Among the arguments offered by the Respondent in Error were the following:

  1. First and Fourteenth Amendment Rights of Assembly Violated: This argument distinguished Gitlow and made several specific points, such as: 

·         Crime of Assembling: “The crime of ‘assembling’ is an absolute novelty in American law.  This is the only case of record in all our law books . . . in which the judgment depends solely on a charge of assembling with a society devoted to the propagation of a certain form of doctrine.” (emphasis in original)  That is, the “act of ‘assembling’ takes its criminal quality from the antecedent character of the society with which the accused assembles, not from any actual advocacy of criminal syndicalism that is aided or instigated by his act of assembling.”

·         Opinion vs. Incitement: “One may be an anarchist and give frequent expression to his anarchistic belief without running afoul of the Criminal Anarchy statute.  An utterance without incitement-quality and incitement-intent is not criminally punishable.”  Indeed, “[u]ntil opinion by its form and intent passes over this realm of incitement it is beyond the reach of the police power.

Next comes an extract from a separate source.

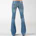 Очень стильный брюки-клёш из денима. Посадка на бедрах, крой классический с 5-ю карманами. Шлёвки под широкий пояс, на задних карманах контрастная отстрочка.

·         Conspiracy: The crime with which Ruthenberg was charged smacked of the more traditional crime of conspiracy, which the defense was quick to distinguish: “the charge laid out in this case and the evidence by which it is supported do not fall within the classification of conspiracy.  It was not alleged or proved that the plaintiff in error, at the time and place of the supposed felony, entered into a certain plan and agreement with other persons to undertake the future dissemination in some form of the doctrine of criminal syndicalism.”  If the idea of conspiracy can be detached from the logic of the state syndicalism law, what then is the purpose of such a law other than to penalize beliefs?

  1. State Syndicalism Law is Beyond the Police Power: The defense argued that the Michigan law contravened the State’s lawful police powers because the “statute does not require that the said act of assembling shall present or manifest a clear and present danger of overt criminal injury or public disturbance.”